Segment Start: Provided entries
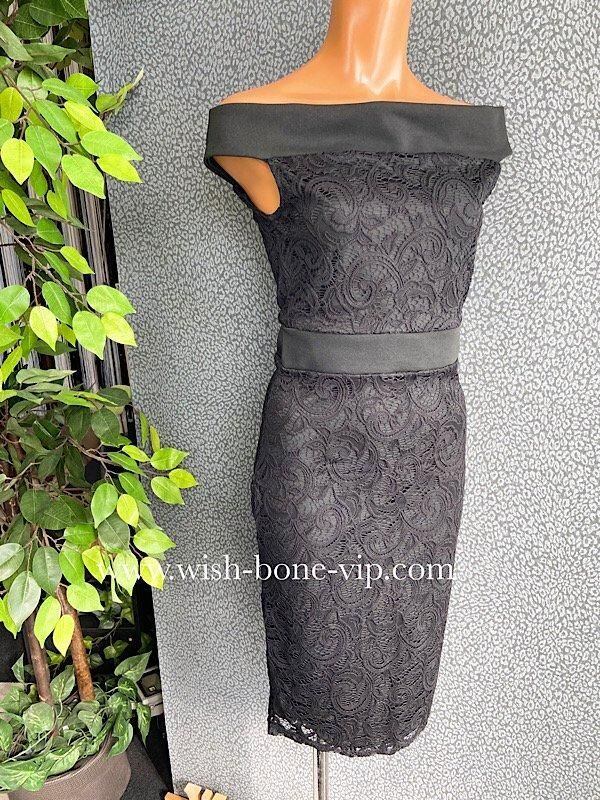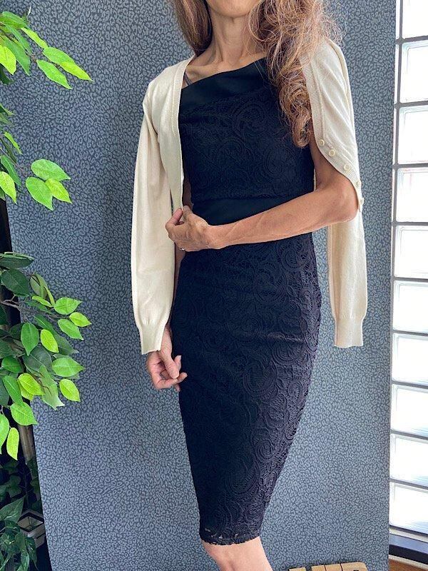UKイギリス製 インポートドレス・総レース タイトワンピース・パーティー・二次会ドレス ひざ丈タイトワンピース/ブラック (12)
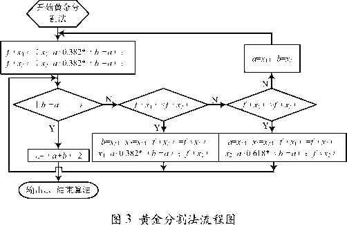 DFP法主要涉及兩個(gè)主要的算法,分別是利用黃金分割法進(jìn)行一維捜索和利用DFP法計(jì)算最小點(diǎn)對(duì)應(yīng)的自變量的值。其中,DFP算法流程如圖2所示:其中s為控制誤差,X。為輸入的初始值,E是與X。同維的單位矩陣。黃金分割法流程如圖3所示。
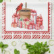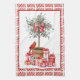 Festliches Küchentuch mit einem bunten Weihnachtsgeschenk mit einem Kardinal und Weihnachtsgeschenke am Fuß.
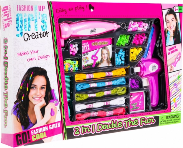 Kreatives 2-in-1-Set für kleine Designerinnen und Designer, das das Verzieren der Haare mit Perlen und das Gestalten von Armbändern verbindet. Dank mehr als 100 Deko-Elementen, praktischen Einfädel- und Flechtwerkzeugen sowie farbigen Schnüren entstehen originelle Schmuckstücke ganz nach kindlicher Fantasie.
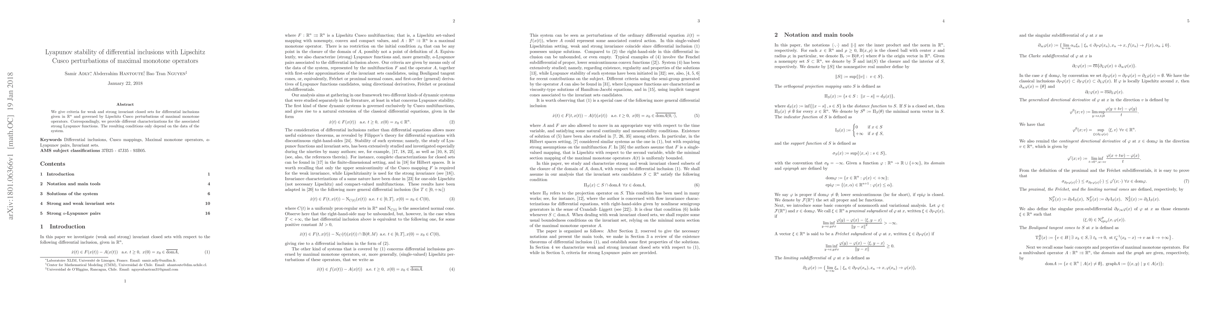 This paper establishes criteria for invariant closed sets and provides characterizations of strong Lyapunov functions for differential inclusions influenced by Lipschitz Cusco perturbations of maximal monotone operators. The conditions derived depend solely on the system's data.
Segment End: Provided entries
Exercise brief: The answer consists of the lines from the one holding "Kreatives 2-in-1-Set für" to the end of the records, inclusive, restated exactly and without pictures.

Response area:
 Kreatives 2-in-1-Set für kleine Designerinnen und Designer, das das Verzieren der Haare mit Perlen und das Gestalten von Armbändern verbindet. Dank mehr als 100 Deko-Elementen, praktischen Einfädel- und Flechtwerkzeugen sowie farbigen Schnüren entstehen originelle Schmuckstücke ganz nach kindlicher Fantasie.
 This paper establishes criteria for invariant closed sets and provides characterizations of strong Lyapunov functions for differential inclusions influenced by Lipschitz Cusco perturbations of maximal monotone operators. The conditions derived depend solely on the system's data.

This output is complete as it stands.